Formal completion of a complex normal bundle along the zero section The total space of a complex normal bundle over a submanifold $Y$ in a complex manifold $X$ can be seen as an analytic scheme. If one blindly uses  Hartshorne's definition about "formal schemes" from his book "Algebraic Geometry" to formally complete the normal bundle $N$ along the zero section $\epsilon $,  the formal completion of $N$ would be of the form
$(\epsilon, \lim_{\leftarrow}\mathcal{O}_N/\mathcal{I}^n)$
 where $\mathcal{I}=\{f\in\mathcal{O}(N): f|_\epsilon=0\}$ is the ideal sheaf. 
What worries me is that Hartshorne's definition in the category of algebraic schemes is specifically said to be valid for noetherian schemes, which the complex manifold N isn't. Is that a problem? Do we need the noetherian condition in the complex analytic case at all?

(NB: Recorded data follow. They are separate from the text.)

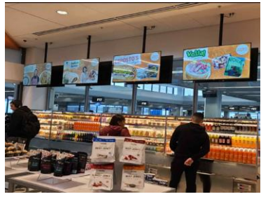
Pronto at SFO termial 3

NuChoice Foods believes their purpose is to create value by providing products and services that meet or exceed their customers' expectations. Integral to that purpose is to create value in and ensure the sustainability of the communities where they live and conduct business. To that end, NuChoice donates funds, volunteers time and contributes in-kind gifts to help improve the quality of life in these communities. Some of the groups NuChoice supports are Wounded Warriors, Wreaths Across America, USO, Toys for Tots, Habitats for Humanity, Food Banks, Ministries, Breast Cancer Association, American Heart Association, Children Hospitals, and Humane Society.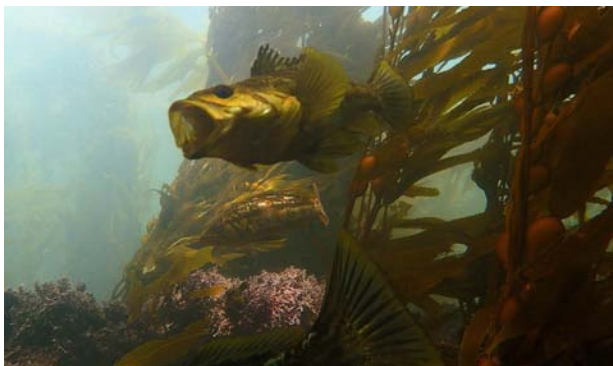
A kelp bass (Paralabrax clathratus) gaping its mouth in the surge off the Palos Verdes Peninsula.

Kelp Forest Restoration – This project aims to restore up to 150 acres of giant kelp forests. Commercial fishermen and TBF scientists monitor and restore these reefs as they are transformed from urchin barrens to kelp forests. 4.67 acres of kelp have been restored in 2017 contributing to a total of 43.27 acres since the project began in 2013. Results from 2017 describe increases in the abundance, biomass and diversity of macroalgae, invertebrates and fishes in the restored sites. In one site, kelp canopy increased by 250%. Ongoing.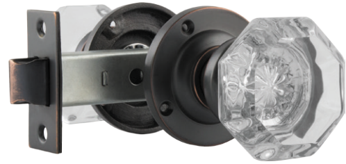
1996 tube latch with a 0711 Glass Knob in Antique Copper

This is used when the door doesn't need to be locked. It can be used with any type of door furniture, whether it's long back plate 1 , short back plate 2 , lever 3 , or knob 4 on rose. Latch simply means you need a Tube Latch 5 to make your door furniture functional.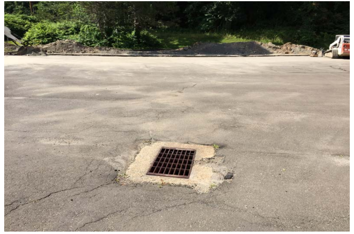
Photo 6: Corrective Area #4 - install filter fabric in catch basin looking north.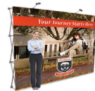
Quick Fabric Displays

Attract More Attention and Showcase Your Message!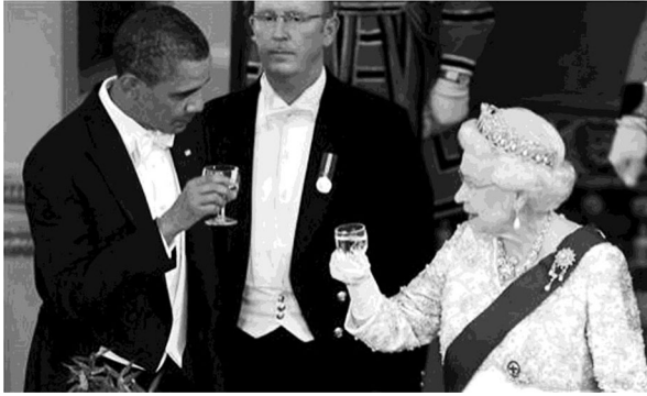
Fig. 7 President Obama and Queen Elizabeth raise their glasses while facing each other after the band has just finished playing “God Save The Queen” (May 24, 2011)

culturally prominent music was already acting, we would argue, as an “amplifier” of the violation of the protocol, in watching him wait, we now have an extended opportunity to feel sorry, embarrassed for him, or annoyed by him.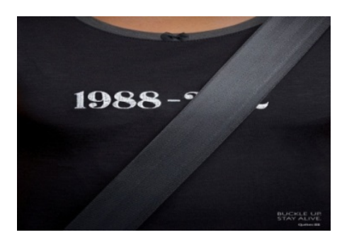
Fig. 3 Third image analyzed in class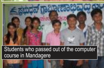
Students who passed out of the computer course in Mandagere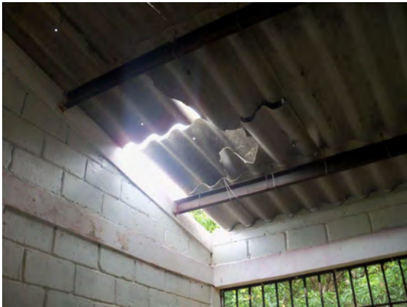
The leaky asbestos roof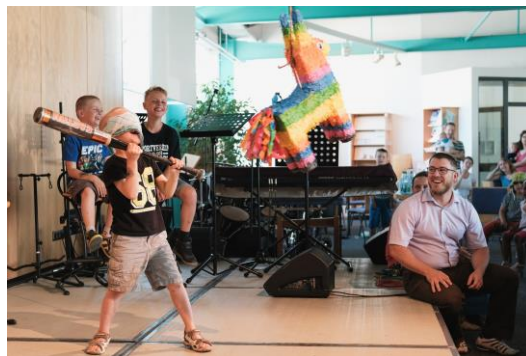
(Piñata filled with goodies)

In the afternoon, we had lunch together and a little program was done for us. The boys enjoyed hitting the Piñata, for this is not usually a common game in Germany.

How can we adapt the algebraic definition of "formal scheme" for analytic schemes?
Thank you for your help. I hope I was able to formulate clearly my problem.
 A: Instead of trying to adapt Hartshorne's definition for formal completion of noetherian schemes to the difficult case of analytic schemes, which are never noetherian, we could instead consider the holomorphic symmetric algebra bundle $\eta:Sym^{\bullet}(N^*)\rightarrow Y$ of the conormal bundle $N^*\rightarrow Y$ and formally complete this bundle.

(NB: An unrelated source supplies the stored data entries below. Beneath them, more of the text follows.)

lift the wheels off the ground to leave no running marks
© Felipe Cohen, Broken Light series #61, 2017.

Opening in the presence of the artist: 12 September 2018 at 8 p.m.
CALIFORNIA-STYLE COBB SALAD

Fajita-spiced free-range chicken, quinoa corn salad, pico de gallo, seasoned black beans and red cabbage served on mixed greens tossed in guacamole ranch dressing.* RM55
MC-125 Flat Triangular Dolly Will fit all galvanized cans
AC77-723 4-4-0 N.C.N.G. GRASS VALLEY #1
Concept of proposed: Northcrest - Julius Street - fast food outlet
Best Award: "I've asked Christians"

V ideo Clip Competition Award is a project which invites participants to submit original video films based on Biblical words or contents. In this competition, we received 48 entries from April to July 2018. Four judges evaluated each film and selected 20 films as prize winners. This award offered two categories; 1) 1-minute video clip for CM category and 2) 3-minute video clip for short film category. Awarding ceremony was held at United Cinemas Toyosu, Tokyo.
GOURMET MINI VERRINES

According section 3 of the article "Formality theorems for Hochschild chains in the Lie algebroid setting" by D. Calaque, V. Dolgushev and G. Halbout one can formally complete the holomorphic symmetric algebra bundle $Sym^{\bullet}(N^*)$ of the complex conormal bundle $N^*$. The local sections of the completion $\widehat Sym^{\bullet}(N^*)$ are then given in local coordinates by $f=\sum_{l\geq0}f_{i_1\dots i_l}(y)w^{i_1}\dots w^{i_l}$, where $y_1, \dots, y_l$ are some local coordinates on $Y$ and $w_1, \dots, w_m$, m=codim(Y) are the local coordinates on the fibres of $N$. 
This bundle, I think, can be interpreted as the formal completion of the complex-analytic locally free quasi-coherent sheaf $\mathcal{Sym^{\bullet}(N^*)}$. Moreover, comparing Hartshorne with this, it seems that $\mathcal{\widehat Sym^{\bullet}(N^*)}$ is indeed the analytic version of the usual formal completion of an algebraic bundle $N$ along its zero section. It is an exercise to show that in the algebraic case $\mathcal{\widehat Sym^{\bullet}(N^*)}=\mathcal O_{\hat N}$ which is precisely Hartshorne's definition of formal completion of a noetherian scheme. I am not fooling myself, do I?